Смеется над моим свитером и спрашивает, как вообще можно было додуматься его надеть, ведь на улице не минус 30.
Он сам сказал, что мы уедем в лес на целый день, а теперь натягивает шапку мне на нос.
Его пальцы теплые и влажные, он берет меня за руку.
Я уткнулась лбом в стекло и смотрю на пролетающие мимо деревья.
Я как-будто в огромном мягком шаре и прошу этот момент: запомнись.
Он трогает меня за плечо и я поворачиваюсь.
Он целует меня, его глаза смеются и я тоже смеюсь.
3
Мы виделись однажды и я боюсь встретить его еще раз.
– Ты работаешь в центре?
Я работаю в центре, на Большом Кисловском он в Никитском переулке.
Департамент строительства.
Пешком минута.
Утром я выхожу с “Арбатской”, вечером иду к “Площади революции”.
Он едет на машине, туда и обратно. Один и тот же маршрут.
– Тебе нравится Джармуш?
Он хочет казаться интеллектуалом.
Я не смогла досмотреть даже “Кофе и сигареты”: “Да, он очень самобытен”.
Я хочу понравиться.
В тот вечер я любила Джармуша, виски, сычуаньскую кухню, болела за “Ливерпуль”.
Я заранее знала, что ничего не выйдет.
– Тебя подвезти?
Нет, я доберусь сама.
Я иду к “Площади революции”, сажусь в полупустой вагон и покачиваюсь вместе в остальными.
Мне становится неловко и стыдно.
Как я могла быть такой тупой?
Зачем мне это нужно?
Зачем я вообще с ним куда-то пошла?
Он написал утром.
– Привет, красавица. Проснулась?
Дико и пошло, но я рада.
Потому что уже не ждала.
Я понравилась, или что это?
Мне обязательно отвечать?
Я хочу казаться оригинальной, дерзкой, остроумной.
– Может увидимся вечером?
И я думаю о том, что он старше почти на 20 лет.
4
Он пишет пьесы, плохие и вульгарные.
Съемная однушка, 1-я Останкинская, 14 этаж.
Он сидит за столом на кухне: клеенка, пепельница, дешевое вино, старый ноутбук.
Балкон завален пакетами и пластиковыми трубами.
Когда-нибудь пригодятся. Хозяйские вещи.
Я сижу на низкой разъехавшейся табуретке.
В моей руке мутный, заляпанный стакан.
Я думаю, какое у нас может быть будущее.
Я думаю, что лучше пересесть на пол.
Он читает: “Во мраке ходят люди-свечи”.
Я понимаю, что сейчас засмеюсь.
Я говорю: “Мне нужно в ванную, подожди”.
Я открываю кран и смотрю на себя в зеркало.

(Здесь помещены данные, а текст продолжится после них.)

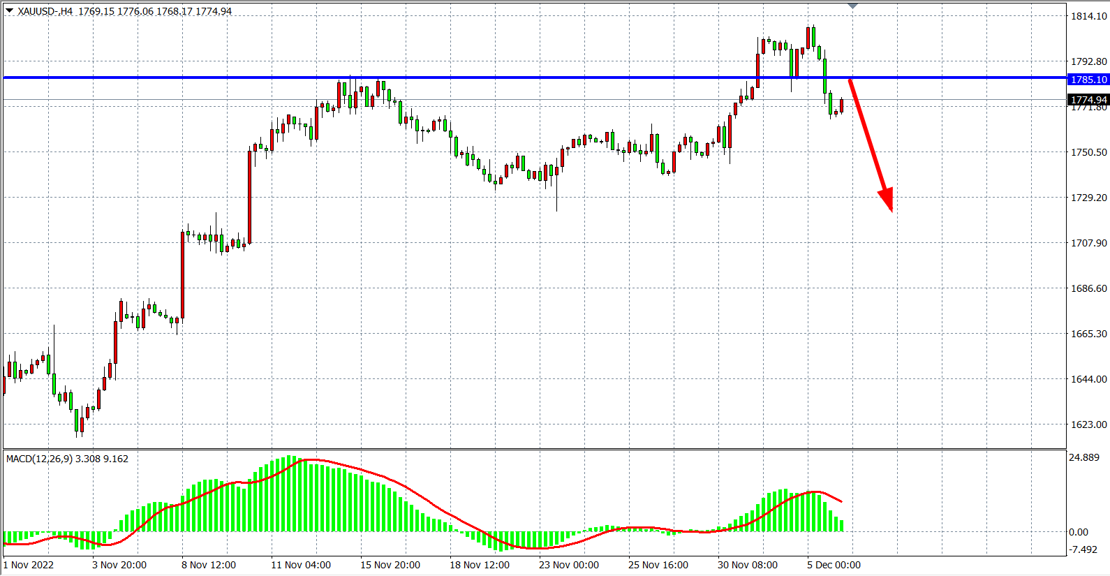 交易策略:在1785.00 之下看跌,目标1770.00         1755.00

Тушь потекла и отпечаталось на веках, помада съехала за края губ.
Мне больше не смешно.
Я вспоминаю все места, где разложила свои вещи.
Я понимаю, что они мне не нужны.
Я прикидываю, что если выйду прямо сейчас, буду дома через 40 минут.
5
Он лохматый и рыжий, все лицо в веснушках.
Протягивает мне руку. Оранжевый пуховик, синяя лыжная перчатка.
Я только что распласталась посреди тротуара: скользкие ботинки, гололед.
В колене звенящая боль и кажется, что отдает даже в уши.
Он поднимает меня одним движением.
Я неловко болтаюсь на одной ноге и держусь за его предплечье.
От остановки отъезжает мой автобус, я смотрю, как он исчезает в утренней морозной темноте.
Он спрашивает, в порядке ли я.
Я спрашиваю, как ему не холодно без шапки.
Он не очень удачно отшучивается.
Щербинка между зубов.
Я хочу смотреть на него еще хотя бы полчаса.
Я говорю: “Идем пить кофе”.
Он спрашивает: “Когда?”
Я уже опоздала на работу и чувствую себя необычно смелой: “Сейчас”.
Он колеблется.
К остановке подъезжает следующий автобус, праздничный, светлый, теплый.
Я тороплю его мысленно: “Ну же!”
Начинает светлеть и там где проспект сливается с небом появляется красная полоса.
6
Одеяло сползло и я проснулась от холода.
Июнь, 3 утра.
Солнце вовсю лупит по прохладным веткам, плетеные цветы на тюле впились в мою спину и я выдираю его из-под себя.
Отталкиваю раму и она глухо захлопывается
Утрамбовываю тюль за синтетической занавеской: желто-коричневая, в цветочек.
Я поворачиваюсь и смотрю на него.
Из-под одеяла выглядывают плечо и ключица.
Мы приехали вчера вечером и долго не заходили в дом.
Бесконечные сумерки, комары, он щекочет мою спину травинкой.
Потом пили чай.
Чайник металлический, круглый, греется на газу.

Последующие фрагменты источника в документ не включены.